Protein design with AI quicker than ever before

In the past few years, huge advances have been made in predicting protein structures using artificial intelligence. But the reverse problem—taking a protein shape and then predicting how to build it from a sequence of amino acids—has proved trickier. A series of three papers by biologists at the University of Washington School of Medicine now shows that a new machine learning algorithm can design protein molecules faster and more accurately than before. Designed proteins could help build new vaccines, drugs, and sustainable biomaterials.

At their simplest, proteins are chains of amino acids strung together with peptide bonds. The interplay of the various side chains along the length of the polymer—between each other and the surrounding environment—causes the floppy chains to twist and curl into different 3D shapes. But the forms found in nature are just a fraction of what UW’s David Baker thinks are possible. Baker has founded several companies to take designed proteins in different useful directions; the firms include Monod Bio, a protein-based diagnostics spin-off, and Vilya, for designing therapeutics.

The new algorithms created by Baker’s lab offer what postdoc Basile I. M. Wicky calls a “one-pot approach,” which can help researchers design a useful protein shape and then predict the amino acid sequence that will make it.

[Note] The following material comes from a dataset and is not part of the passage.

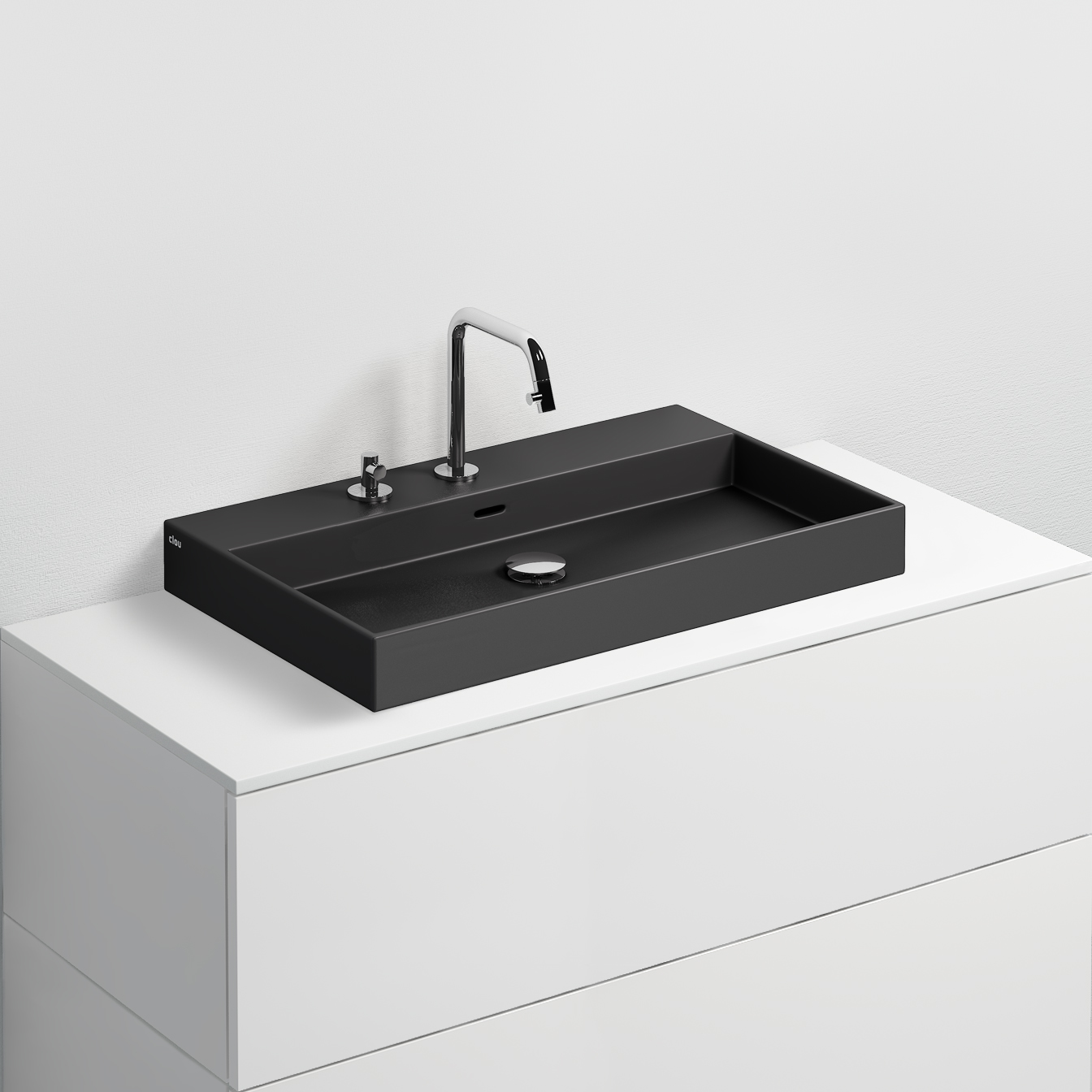 New Wash Me lavabo, avec 3 points d’amorçage, sans bonde, céramique noir mat, épaisseur de parol de 6mm. À suspendre ou à poser.

The first paper, published in July, describes a new tool that can produce protein designs in one of two ways. In the first, the AI can create a design by iteratively improving on simple prompts, such as needing a particular type of fold or binding motif. The AI is “trying to dream up a structure,” as postdoc Jue Wang puts it. The alternative approach involves taking parts of an existing structure and then asking the AI to fill in the gaps (Science 2022, DOI: 10.1126/science.abn2100).

In two new follow-up papers just published, researchers from the same lab demonstrate how another algorithm, called ProteinMPNN, can start from designed 3D shapes and assemblies of multiple protein subunits and determine in about 1 sec the protein sequences needed to make them efficiently. The team tested and refined the predicted sequences by running them through protein structure prediction algorithms and by synthesizing the proteins in the lab. The researchers then verified the protein structures using X-ray crystallography and measured the shapes the proteins combined to make using cryo-electron microscopy (Science 2022, DOI: 10.1126/science.add2187; 10.1126/science.add1964).

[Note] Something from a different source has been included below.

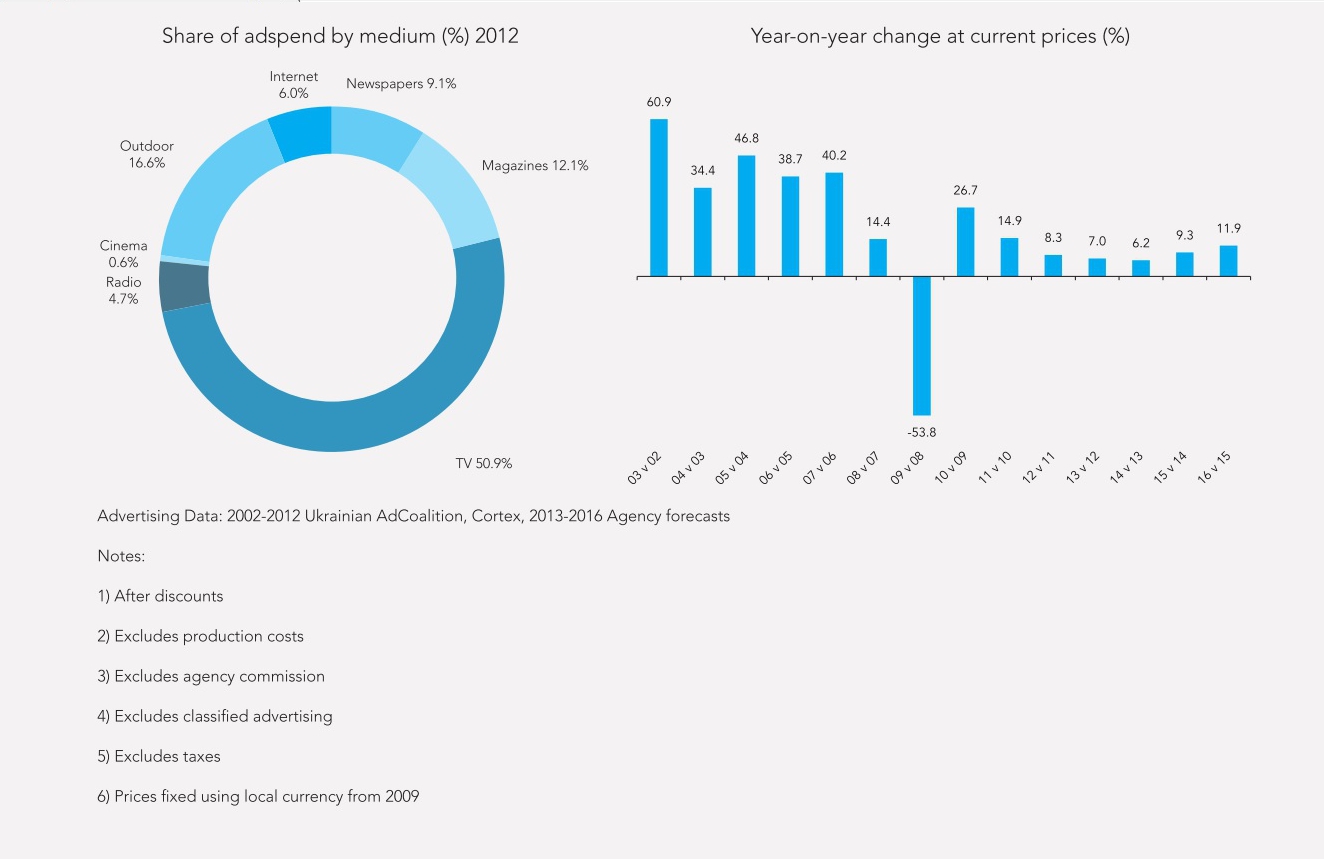 Цены на медиаразмещение традиционно фиксировались в долларах, с 2009 года рынок перешел на цены в гривнах, в результате чего рекламные бюджеты снизились на 15-30% в местной валюте. В этот период на сокращение рекламного рынка повлияло и падение гривны по отношению к доллару.

“The protein design field is undergoing a tremendous revolution,” says Christian Dallago, a computational biologist at NVIDIA who was not involved in the work. “Ultimately, through these new tools, we can become less reliant on time-consuming, classic approaches.” He says the hope is that such tools will reduce the distance between generating a hypothesis and providing solutions.

Researchers in Baker’s lab say that ProteinMPNN has become their go-to algorithm. They are now working to improve the tools and create proteins for a variety of uses.